2° - Che all'indomani poi, giorno, secondo ogni apparenza, già fissato per lo scoppio della rivoluzione che si andava da lunga mano preparando, fatto inculcare ai parrochi d'animare il popolo a prestarsi in soccorso della patria, come se questa fosse in pericolo, ed all'oggetto di meglio persuadere il popolo d'un qualche imminente pericolo, fatte di pieno giorno chiudere tutte le porte, meno quella della Pila e della Lanterna, ordinò con reiterati inviti da lui firmati al Direttore del Portofranco di consegnare, per essere distribuiti al popolo, cinquanta casse di schioppi che si trovavano depositati per conto della Sicilia, ed ottenuta una tale consegna mediante promessa d'indennità e minaccia espressa in questi termini: che in difetto il popolo provvederà altrimenti al possesso di armi in questi momenti tanto necessarie; verso le quattro pomeridiane montato a cavallo e proferite ad intelligibil voce le parole: Adesso è fatta!, si avviò verso l'Acquaverde alla testa di una turba di armati, in mezzo al frastuono di tutte le campane compreso il campanone di Palazzo, che d'ordine suo suonavano a stormo, ed i tamburi che battevano la generale: che per istrada alla sua banda si unì pur quella d'altri armati che già ritornavano dalla Darsina che avevano assalita ed invasa gridando vittoria.

3° - Che giunti all'Acquaverde e fatta intimare la resa all'Arsenale dentro di cui erasi rinchiuso il generale De Asarta colle truppe della guarnigione, l'Avezzana comandò l'attacco; ma, dopo aver diretto il primo fuoco, ordinò e fece eseguire delle barricate, mandando ad occupare alcune posizioni che dominavano detto Arsenale, le quali armate di cannoni nella notte, determinarono l'indomani il generale De Asarta ad accettare e firmare una capitolazione in forza di cui si ritirava colle truppe da questa Città.

4° - Che nominato poscia l'Avezzana a far parte di un Comitato di Sicurezza, che non tardò ad erigersi in Governo Provvisorio, organizzò e diresse la resistenza che si oppose dappoi alle Regie Truppe che furono mandate per ristabilire la legittima autorità, e con ogni energia si oppose anche dopo che per essere fuggiti li due suoi colleghi, concentrati eransi nel Municipio tutti i poteri, acchè si cedesse o si accettasse una qualche capitolazione, scrivendo in una sua lettera del sette aprile suddetto al Municipio, che l'azione delle Regie Truppe era una violenza e la proposta capitolazione più infame dell'armistizio, lusingandosi forse del prossimo arrivo di soccorsi che gli si promettevano dall'agente della Repubblica Toscana La Cecilia, il quale in una sua lettera del 1° aprile, gli scriveva da Massa in termini che indicano come quella lettera dovesse essere ostensiva a più persone, essendo cosi concepita: «Amici [e certo questi esser dovevano i complici dell' Avezzana], nel ricevere la vostra lettera tutto si è messo in movimento. Il Delegato di Massa è volato a Firenze; voi avrete tutto; l'appoggio Toscano non vi mancherà; da Livorno, faremo partire volontari e denari; preparatevi a riceverli; io poi, appena arriveranno, mi metterò in marcia; intanto Lerici, Sarzana e La Spezia si muoveranno e mi attenderanno. Coraggio, coraggio, avanti, avanti! - Il vostro LA CECILIA».

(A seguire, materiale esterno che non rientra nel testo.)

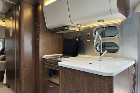• 25ft Airstream Globetrotter – premium aluminum body with panoramic windows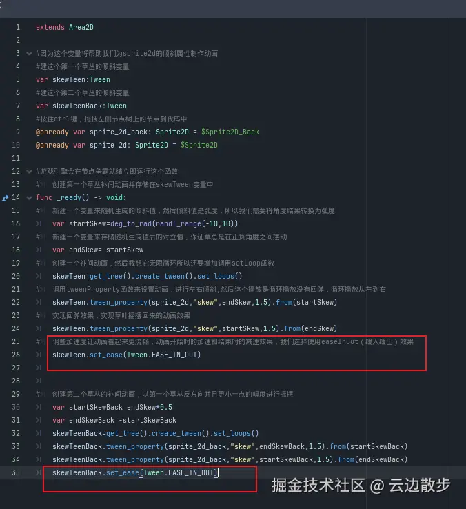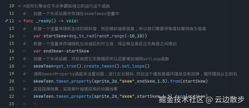 - 然后我们来先搞定第一个草丛的补间动画也就是摇摆动画,我们利用引擎自带的初始化运行函数,然后来设置生成草丛摇摆的弧度,然后进行播放调整。具体的可以看看注释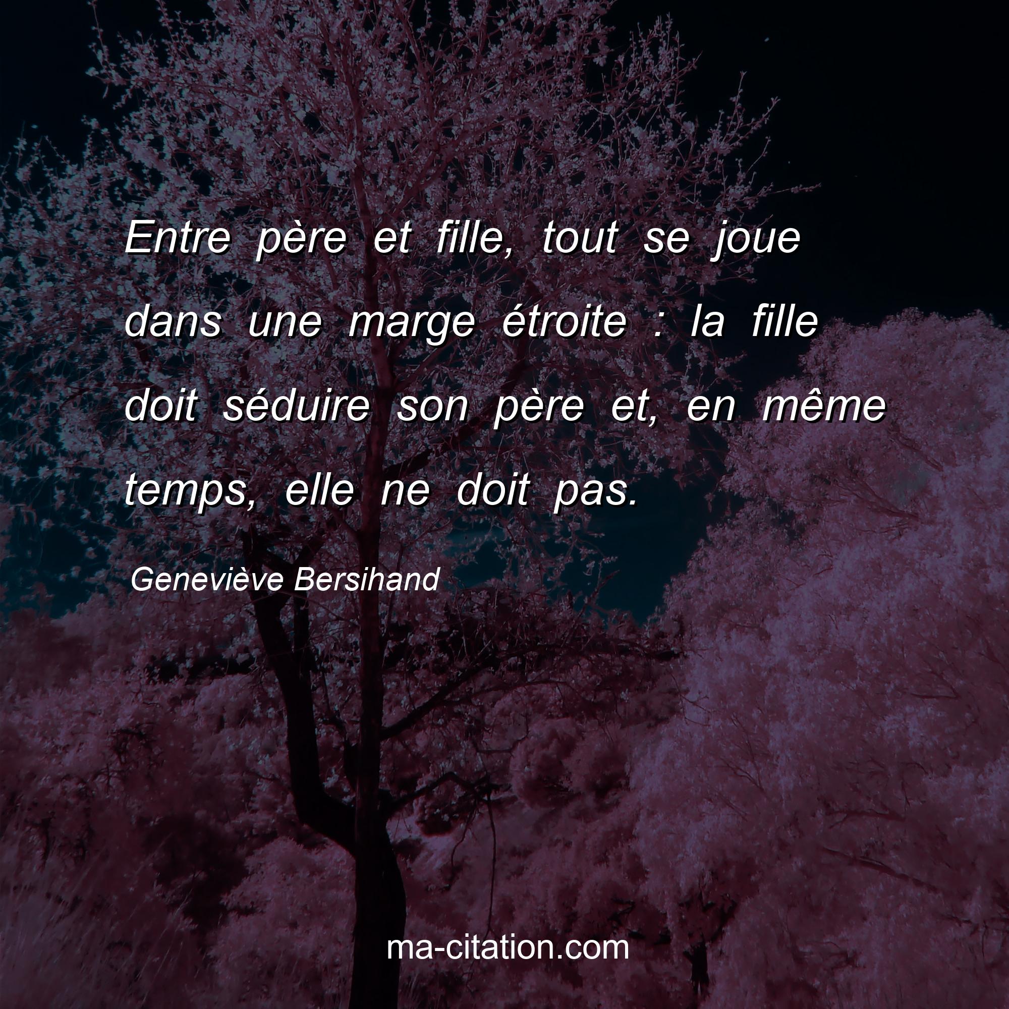 Citation sur la vie de Geneviève Bersihand :Entre père et fille, tout se joue dans une marge étroite : la fille doit séduire son père et, en même temps, elle ne doit pas.

5° -Infine che l'Avezzana, unitamente agli altri due soli colleghi, pubblicarono proclami, decreti e manifesti da tutti e tre firmati, in uno dei quali, dichiarato cessato il legittimo Governo e subentratovi quello del popolo, e sciolto cosi ogni giuramento delle Autorità civili, amministrative e militari verso il medesimo, si invitavano tutti gli impiegati a far atto d'adesione al Governo Provvisorio, sotto pena di essere considerati come nemici della patria; in altri facevasi appello agli abitanti delle due riviere onde si considerassero separate dal Piemonte e venissero in soccorso della loro antica madre e capitale; in un terzo tentavasi pure di staccare la truppa dalle sue bandiere per prender servizio a difesa di Genova, cercando persuaderla di essere stata tradita e venduta nei campi di Novara, mentre poi in altro si prometteva un soprassoldo di L. 3 al giorno a quei popolani che sarebbero concorsi di già a combattere la guerra contro i sleali soldati dell'esercito piemontese e che avrebbero continuato a prestare il loro servizio contro le Regie Truppe.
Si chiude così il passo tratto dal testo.